Australia’s major gas pipeline owner APA Group has edged further into an integrated structure by paying $151 million to buy AGL Energy out of their jointly owned Diamantina power plant at Mount Is in northwestern Queensland.
The deal, announced to the ASX yesterday, comes as AGL Energy sells off non-core assets to tighten its focus on retailing and customers focused businesses such as solar power.
APA, which owned 50% of the Mt Isa power station, held a pre-emptive right to AGL’s half-share. It had already suggested that it was interested in buying AGL’s stake.
AGL will continue to supply gas to the power station, which is a 242 megawatt combined cycle, and a 60 megawatt open cycle gas turbine next door in Mount Isa.
APA is also in the process of a takeover bid for the rest of Ethane Pipeline Income Fund, which owns an ethane gas pipeline that runs from central Australia to Botany in Sydney.
APA shares fell 0.1% at $8.50 while AGL are down 1% at $18.23.

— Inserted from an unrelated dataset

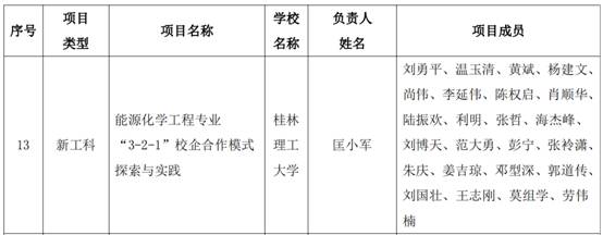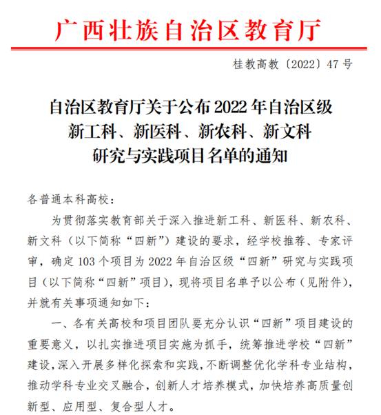 导航痕迹 当前位置: 首页 >> 新闻资讯 >> 学院新闻 >> 正文 喜讯!我院获批广西新工科研究与实践项目1项 作者:梁芳群 发布日期:2022-09-24 浏览次数: 近日,广西教育厅印发《自治区教育厅关于公布2022年自治区级新工科、新医科、新农科、新文科研究与实践项目名单的通知》(桂教高教〔2022〕47号),我院新工科项目《能源化工专业“3-2-1”校企合作模式探索与实践》获得立项。 “四新”建设是建设高等教育“质量中国”的战略一招、关键一招、创新一招,是高等教育人才培养的“中国方案”,是高等教育高质量发展的战略布局。学院将进一步深入开展多样化探索和实践,不断调整优化学科专业结构,推动学科专业交叉融合,创新人才培养模式,全力提升专业人才培养质量和服务经济社会发展能力。 上一条:我院召开安全稳定工作会议 下一条:军训送清凉,关爱暖人心——我院开展“军训送清凉”活动

APA said the deal will boost its earnings and told the ASX in yesterday’s announcement that it will fund the acquisition with a mix of existing cash and available undrawn committed corporate debt facilities.
"The total funding requirement is approximately $550 million, including transaction costs and replacement of the project finance facility at the asset level. The acquisition of AGL’s equity interest equates to an enterprise value for DPS of approximately $700 million, at an EBITDA multiple of approximately 8 times FY2017 earnings.

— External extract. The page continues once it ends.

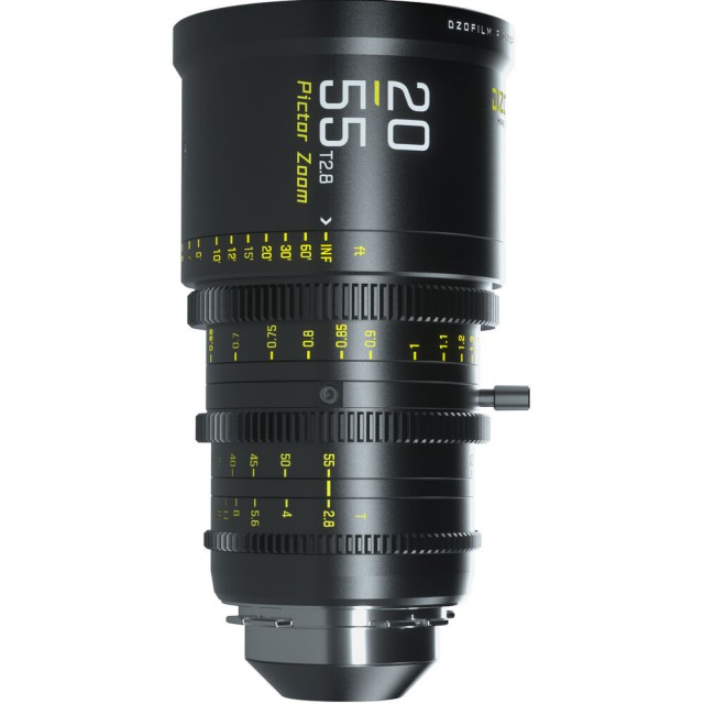 Parfokálny filmový objektív DZO Pictor 20-55 mm T2,8 pokrýva snímače formátu Super 35 / APS-C, ponúka svetelnosť T2,8 v celom rozsahu ohniskových vzdialeností a dodáva sa s vymeniteľnými bajonetmi PL a EF. Konštrukcia objektívu prakticky eliminuje dýchanie a zaručuje ostrú kresbu v celom rozsahu a pekné vykreslenie scény mimo hĺbky ostrosti vďaka 16-násobnej clone. Prstence zaostrovania, clony a zoomu sú samozrejme vrúbkované na jednoduché diaľkové ovládanie so systémami bočného zaostrovania (M0.8; pohyb zaostrovacieho prstenca 270°). Predný priemer je štandardný 95 mm pre bežné kompendiá, závit filtra je 86 mm. K dispozícii je aj nožička na podopretie objektívu v súprave. Čierny variant. Hmotnosť približne 1520 g. Pre bajonety PL a EF.

“As a result of this acquisition, APA’s full year guidance for FY2016 has been updated as follows: EBITDA is upgraded to be in the range of $1,300 to $1,335 million (from $1,275 million to $1,310 million); Net interest cost is expected to fall towards the upper end of the current guidance range of $500 million to $510 million; and FY2016 total distribution guidance is unchanged – i.e., expected to be in the order of 41.5 cents per security, representing a 9.2 per cent increase on the previous year,” APA told the ASX.